Selain itu, Jenal menilai terdapat angka pelaporan pendapatan yang perlu diuji kembali. Sebab, mekanisme perhitungan pajak selama ini dilakukan berdasarkan asesmen wajib pajak sendiri.

“Ada yang belum masuk wajib pajak dan itu lost potensi. Yang kedua, menurut kacamata saya tidak wajar dari apa yang mereka hasilkan. Mereka asesmen sendiri, setor sendiri, bukan berarti tidak sesuai dengan fakta di lapangan,” jelasnya.

Untuk memastikan kesesuaian data tersebut, petugas melakukan uji petik secara manual dengan menghitung jumlah sepeda motor yang masuk dan dititipkan setiap harinya.

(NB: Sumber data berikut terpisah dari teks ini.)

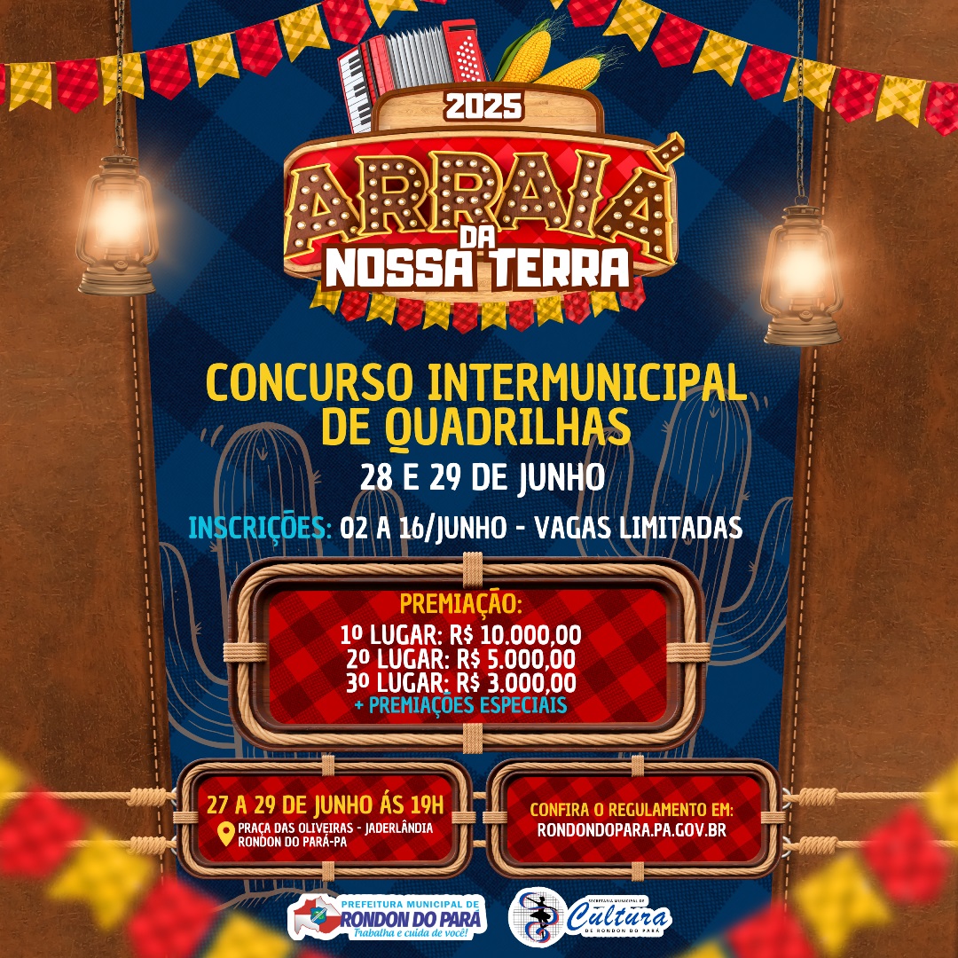 A Secretaria Municipal de Cultura, Turismo e Juventude, no exercício das suas atribuições, torna público o regulamento do festejo junino 2025 – Arraiá da nossa terra, que tem por finalidade valorizar, difundir e incentivar uma das mais populares manifestações culturais brasileiras, a festa junina.

“Petugas menghitung jumlah harian motor eksisting. Kalau angkanya tidak wajar, tentu harus kita dalami,” katanya.

Jenal menegaskan, Pemkot Bogor akan memanggil para pemilik usaha penitipan kendaraan untuk membahas persoalan tersebut di Balai Kota Bogor.

Ia berharap seluruh pelaku usaha dapat mematuhi aturan, baik terkait legalitas usaha maupun kewajiban perpajakan.

“Langkah ke depan terkait penitipan ini, pemiliknya akan kita undang ke Balai Kota. Kita harus patuh terhadap aturan dan kasnya, uang pajaknya masuk resmi kepada Pemerintah Kota. Dampaknya nanti kembali menjadi pembangunan yang manfaatnya dirasakan warga,” tegasnya.

Di sepanjang Jalan Mayor Oking, tercatat terdapat sekitar 21 titik parkir atau penitipan motor swasta. Pemkot tidak hanya mengecek ketetapan pajaknya, tetapi juga memastikan legalitas masing-masing usaha.

Sidak tersebut dilakukan secara terintegrasi dengan melibatkan sejumlah OPD terkait. Selain persoalan perizinan dan pajak, Pemkot Bogor juga berencana melakukan penataan trotoar agar kembali berfungsi sebagaimana mestinya.

Ke depan, pengawasan juga akan diperkuat dengan pemasangan kamera pengawas atau CCTV berbasis kecerdasan buatan (AI). Teknologi tersebut nantinya diharapkan mampu menghitung secara otomatis jumlah sepeda motor yang masuk dan keluar dari lokasi penitipan.

“Trotoarnya akan kita tata, CCTV akan kita pasang berbasis AI. Jadi CCTV-nya bisa menghitung langsung jumlah motor yang masuk ke parkiran, berapa yang masuk,” ungkapnya.

“Alhamdulillah saya sudah menjumpai pihak IT yang mampu untuk melakukan cctv tersebut,” pungkasnya.